小説 短編 | ナノ
01
「ねぇねぇ、どうだった?」
「私大吉!」
「私は凶だったー」


なんてあちらこちらから聞こえてくる。
今日は記念すべき新年を迎える日。

私と一松くんは初詣に来ていた。

一松くんは「初詣なんか行かない、家でゴロゴロしてる方が絶対に良い」と言って聞かないけれど、何とか説得して家から連れ出すことに成功したのだ。

周りを見れば、女の子は華やかな着物。
男の人は普段着だったり紋付袴を着ていたり。

私も例外ではなく、親が「どうしても着ていけ!」と般若面で押し付けてきた紫色の着物を着ている。

一松くんカラーで嬉しいなー。
なんて思ってしまったり。

そして一松くんはと言うと、特別元日だからと言って紋付袴を着ているわけではない。

いつもの普段着……よりもオシャレだ。
とは言っても一松くんの普段着は、ほとんどスウェットやジャージなので、ちょっとオシャレしただけでも見違えるくらい。

一松くん曰く、末弟のトド松くんにこの服を着ていけと押し付けられたらしい。
トド松くんセンスいいもんなぁ。


「ほら、おみくじ引くんでしょ」

「うん、引く!」

「行くよ」

「あっ待って!」


周りを見なくとも視界に入る人だかり。

足元に視線を移しても他の人の何人もの足が見えるほどの混雑だ。

一松くんは私の前を歩き「だから嫌だったんだ……」なんてブツブツ言っている。

人混み嫌いだもんね。
なんて一松くんの嫌いな事を知っている私は、この状況が一松くんにとってどれほど嫌かが分かった。

それでも来てくれるなんて、やっぱ優しい!

あはは、自慢の彼氏だもんな。
なんて自慢できる相手いないけど。

舞い上がっていると、目の前にいたはずの一松くんの後ろ姿を見失っていた。


「いっ一松くん? 一松くん?」


私は頭が真っ白になった。

ああ、はぐれた。
もう迷惑かけちゃった。
どうしよう、私、迷子だ。


「っすいません、なまえ、なまえ!」

「いっ一松くん! はぐれてごめんね!!」

「良いから……ほら」


そう言って差し出されたのは手のひら。

どういう事かと少し立ち止まって戸惑っていると、一松くんは手を握って歩き出した。


「はぐれないように、手」

「あ、あああありがとう!」


握られた手のひらが熱い。
顔も熱い。
身体も熱い。

手を握られる事は初めてではないのだが、こう言うシチュエーションでされるとこう、照れると言うかなんと言うか……な感じだ。

思わず照れてしまい、下を俯く。

一松くんは私の手を引っ張り、おみくじを売っているところにまで私を連れて来てくれた。

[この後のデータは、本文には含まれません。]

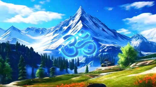 Медитативная успокаивающая мелодия. Знак Ом на фоне пейзажей у подножия Гималаев.
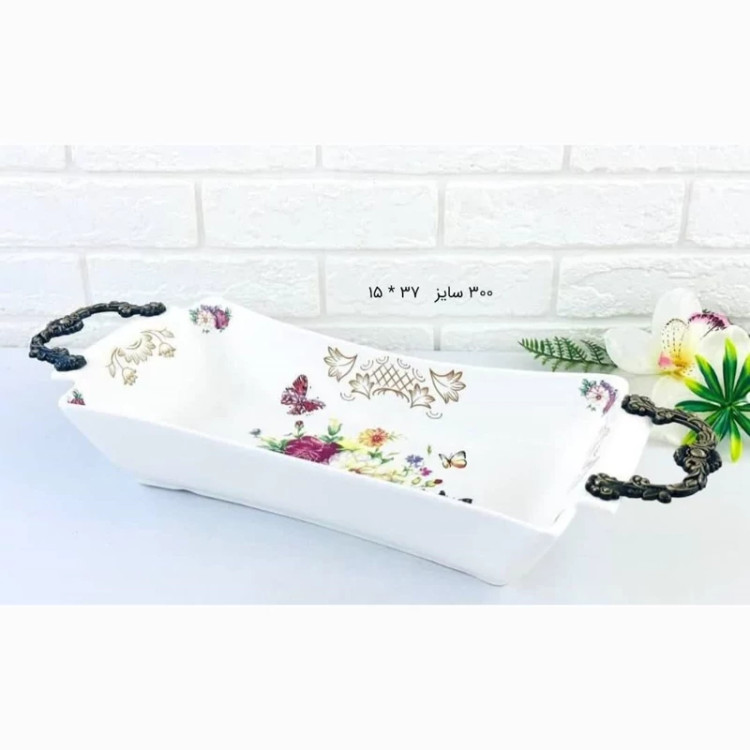 تابه مستطیل سرامیکی طرح پروانه مدل 300
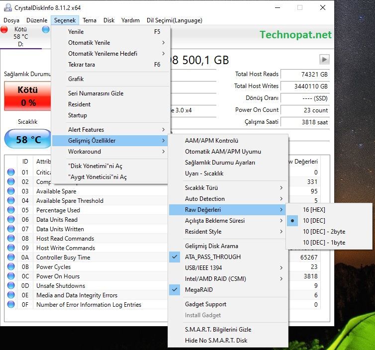 SMART değerlerini ondalıklı yapın ve tekrar SS atın.
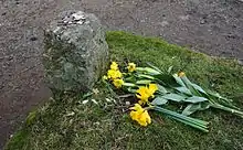 The small burial mound is at the side of a minor road, about 1 mile (1.6 km) north west of Hound Tor, at the entrance to a green lane that leads to Natsworthy. Fresh flowers are regularly placed on the grave, although no-one admits to putting them there.[1][2][3]

私が「ありがとう」と笑顔で言えば、一松くんはビックリしたように目を丸くしてから「別に……」とそっぽを向いた。

そんな仕草も愛らしい。
ああ、重症かもしれない。


「おみくじ一回100円でーす!」

「あっちだ!」

「はいはい」


長蛇の列に並び、数分間。
一松くんは隣でずっとイライラしていたようだ。……ご、ごめんね。

ようやく私たちの番が来て、おみくじを一人一枚だけ引いた。

一松くんは迷いもなくスッと取ったが、私は悩んでしまい、おみくじの中で手を彷徨わせた。


「よし! これにする!」

「早くしてよね……」


列から避け、人のいない傍に移動する。


「せーので開けようね!」

「うん」

「じゃあ、せーの!」


そう言って2人でおみくじを開ける。

書かれた文字は『中吉』。
結構良い結果にほっと胸を撫で下ろす。

願事は『悩み事打ち忘れて近づく運を待て』。
恋愛運が……『この人となら幸福あり』。

この人とならって、一松くんの事……だよね。
その結果に心臓が鳴り止まなくなった。